BEGIN Entries provided

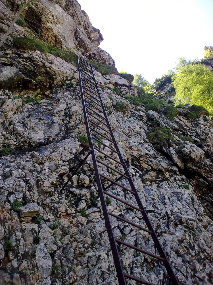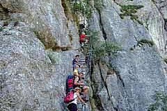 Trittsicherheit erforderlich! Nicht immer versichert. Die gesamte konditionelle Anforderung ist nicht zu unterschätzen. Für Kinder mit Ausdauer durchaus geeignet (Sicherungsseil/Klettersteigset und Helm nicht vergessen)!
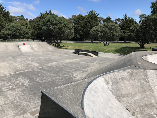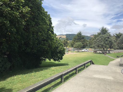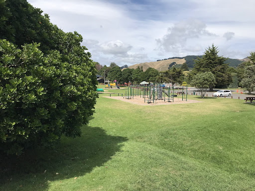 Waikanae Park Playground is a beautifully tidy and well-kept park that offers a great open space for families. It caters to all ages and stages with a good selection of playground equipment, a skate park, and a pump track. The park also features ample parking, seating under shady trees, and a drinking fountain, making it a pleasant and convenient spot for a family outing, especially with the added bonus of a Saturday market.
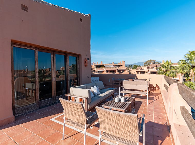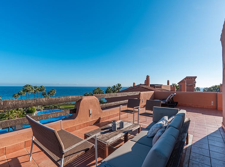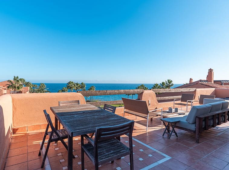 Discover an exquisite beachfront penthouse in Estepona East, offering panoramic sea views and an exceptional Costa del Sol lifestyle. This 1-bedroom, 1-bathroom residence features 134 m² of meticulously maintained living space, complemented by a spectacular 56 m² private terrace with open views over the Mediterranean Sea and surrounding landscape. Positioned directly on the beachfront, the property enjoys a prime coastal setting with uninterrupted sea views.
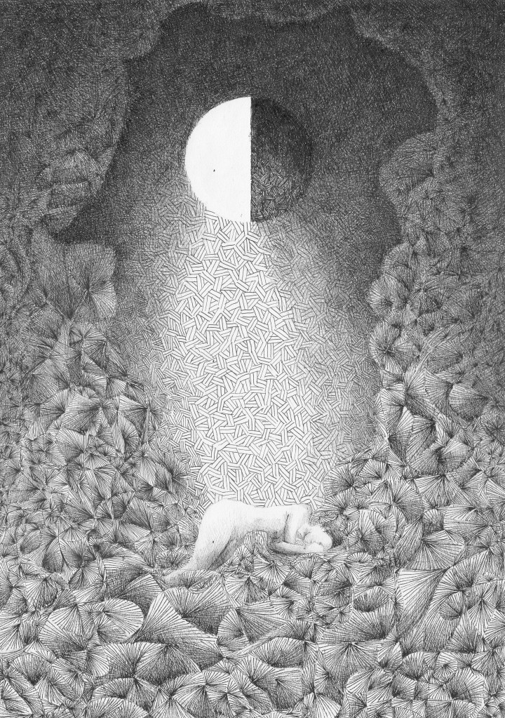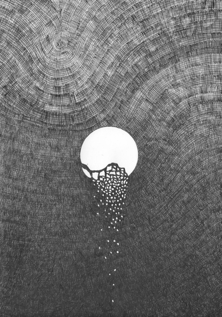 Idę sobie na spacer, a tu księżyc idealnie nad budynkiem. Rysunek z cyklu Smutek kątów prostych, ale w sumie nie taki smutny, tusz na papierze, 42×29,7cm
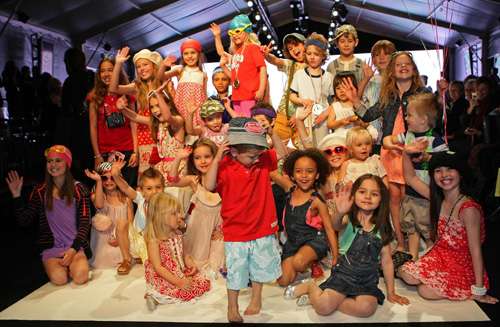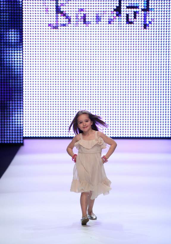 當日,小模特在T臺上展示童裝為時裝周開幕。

END Entries provided
BEGIN Entries provided

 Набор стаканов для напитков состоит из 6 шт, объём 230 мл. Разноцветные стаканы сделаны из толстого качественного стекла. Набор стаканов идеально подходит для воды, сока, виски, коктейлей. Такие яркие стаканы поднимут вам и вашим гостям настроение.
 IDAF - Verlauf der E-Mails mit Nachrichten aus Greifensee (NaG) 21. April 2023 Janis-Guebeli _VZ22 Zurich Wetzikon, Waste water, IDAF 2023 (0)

END Entries provided
BEGIN Entries provided

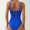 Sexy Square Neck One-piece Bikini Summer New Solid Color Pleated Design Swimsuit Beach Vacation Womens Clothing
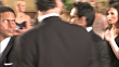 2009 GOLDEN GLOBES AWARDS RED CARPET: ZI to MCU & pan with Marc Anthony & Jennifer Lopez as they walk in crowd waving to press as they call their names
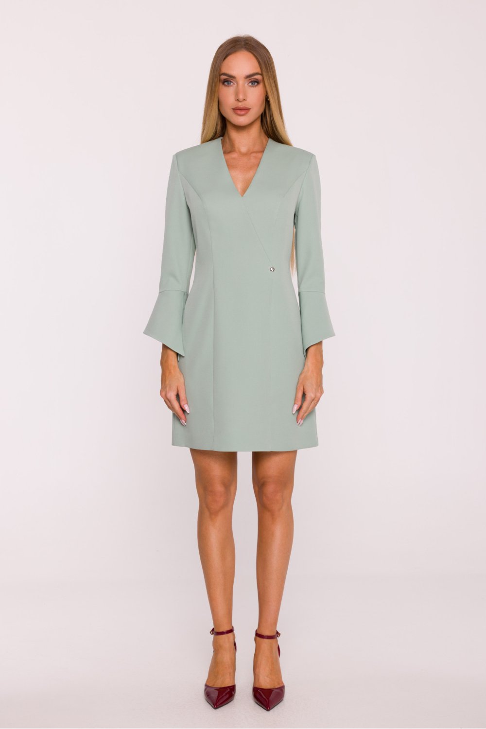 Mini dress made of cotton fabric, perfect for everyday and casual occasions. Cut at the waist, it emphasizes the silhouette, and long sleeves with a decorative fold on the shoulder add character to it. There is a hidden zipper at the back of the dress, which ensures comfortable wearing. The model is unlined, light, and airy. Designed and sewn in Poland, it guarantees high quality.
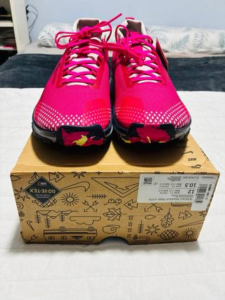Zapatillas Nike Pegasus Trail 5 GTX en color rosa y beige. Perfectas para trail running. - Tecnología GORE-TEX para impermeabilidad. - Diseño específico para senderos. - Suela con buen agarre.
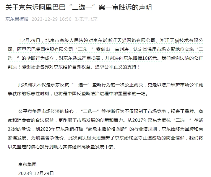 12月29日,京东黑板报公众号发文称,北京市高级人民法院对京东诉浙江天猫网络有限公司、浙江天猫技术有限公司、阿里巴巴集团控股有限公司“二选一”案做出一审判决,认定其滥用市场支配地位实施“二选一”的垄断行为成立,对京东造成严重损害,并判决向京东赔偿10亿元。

END Entries provided

What you should do
From the listing above, repeat only the lines between the line containing "Zapatillas Nike Pegasus" and the line containing "12月29日,京东黑板报公众", those two included. Pictures are not part of the copy.

Response area
Zapatillas Nike Pegasus Trail 5 GTX en color rosa y beige. Perfectas para trail running. - Tecnología GORE-TEX para impermeabilidad. - Diseño específico para senderos. - Suela con buen agarre.
 12月29日,京东黑板报公众号发文称,北京市高级人民法院对京东诉浙江天猫网络有限公司、浙江天猫技术有限公司、阿里巴巴集团控股有限公司“二选一”案做出一审判决,认定其滥用市场支配地位实施“二选一”的垄断行为成立,对京东造成严重损害,并判决向京东赔偿10亿元。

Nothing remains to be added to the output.